Why is C++20's `std::popcount` restricted to unsigned types?

问题

P0553R4: 位操作 中的函数受限于仅在无符号整数上工作。该提案未说明此限制的原因。我可以理解,如果有符号整数的位表示未定义,那么这是有道理的,但是在 C++20 中,我们保证有符号整数使用二进制补码。

因此,对我来说,允许例如使用有符号整数类型调用 std::popcount 似乎是合理的,因为实现可以简单地将其强制转换为相应的无符号类型以在无符号域中执行位操作。

P0553R4 添加此约束的原因是什么?(是否仅仅是 P0553R4 和 P0907R4 之间缺乏同步?)

英文:

The functions from P0553R4: Bit operations are constrained to only work on unsigned integers. The proposal does not give a reason for this constraint. I can see that this makes sense if the bit representation of a signed integer is not defined, but with C++20, we are guaranteed that signed integers use two's complement.

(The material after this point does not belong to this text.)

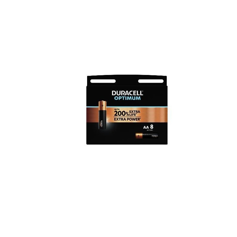 Duracell OPTIMUM con maggiore potenza del 100% in più concentrata (rispetto a Duracell Plus Power) fornisce prestazioni affidabili e potenza duratura in un'ampia gamma di dispositivi per uso quotidiano. Le batterie Duracell Optimum sono perfette per fotocamere digitali, console di gioco portatili, rasoi, telecomandi, lettori CD, giocattoli a batteria, torce, spazzolini elettrici, ecc. La confezione di Optimum, 100% riciclabile, consente di custodire al meglio e in sicurezza le batterie nuove e quelle usate in attesa che vengano riciclate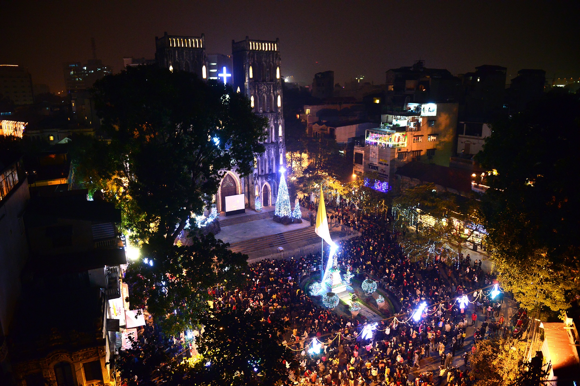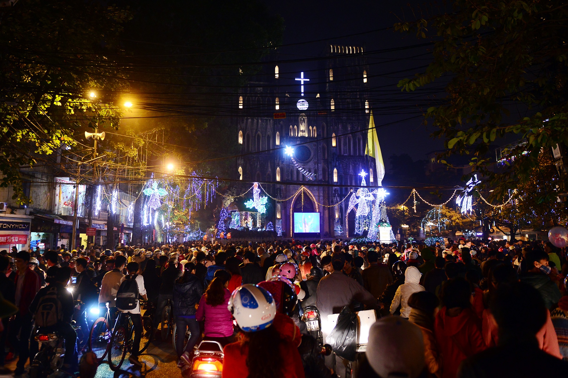| Nhà thờ Lớn Hà Nội là nơi tập trung đông người nhất bắt đầu từ 21h. Ảnh: Tuấn Mark. |

To me, it thus seems reasonable to allow e.g. std::popcount to be called with a signed integer type, as an implementation could simply cast to the corresponding unsigned type to do the bit-operation in the unsigned domain.

What is the reason for P0553R4 to add this constraint? (Is it simply missing synchronization between P0553R4 and P0907R4?)

答案1

得分: 71

隐式的无符号类型的扩展转换不会改变结果。对有符号类型的隐式扩展转换(包括提升)会执行符号扩展,如果输入为负数,则会改变结果。

由于整数提升导致操作结果不正确的情况,绝对属于“踩雷”类别。

你仍然可以将(表示)负值的位模式传递给 popcount,但你必须控制转换序列,这有助于获得你期望的结果。

英文:

Pretty simple: Implicit widening conversions on unsigned types do not change the result. Implicit widening conversions on signed types (including promotions) perform sign-extension, which does change the result if the input was negative.

Having an operation whose result becomes incorrect due to integer promotion definitely falls into the "foot cannon" category.

You can still feed (bit patterns representing) negative values to popcount, but you have to take control of the conversion sequence, which helps you get the result you expect.

答案2

得分: 25

popcount 计算位数,因此需要使用作为“位容器”的类型。

  • 无符号整数类型用作位容器(或模2^n值)。
  • 有符号整数类型用作数字,稍微抽象一些。

是的,C++20以后,有符号整数保证采用二进制补码语义,但这是一个非必要的细节 - 这也是为什么直到C++20之前没有保证采用二进制补码的原因。如果你不是一个语言律师,你可能甚至不会注意到这个变化。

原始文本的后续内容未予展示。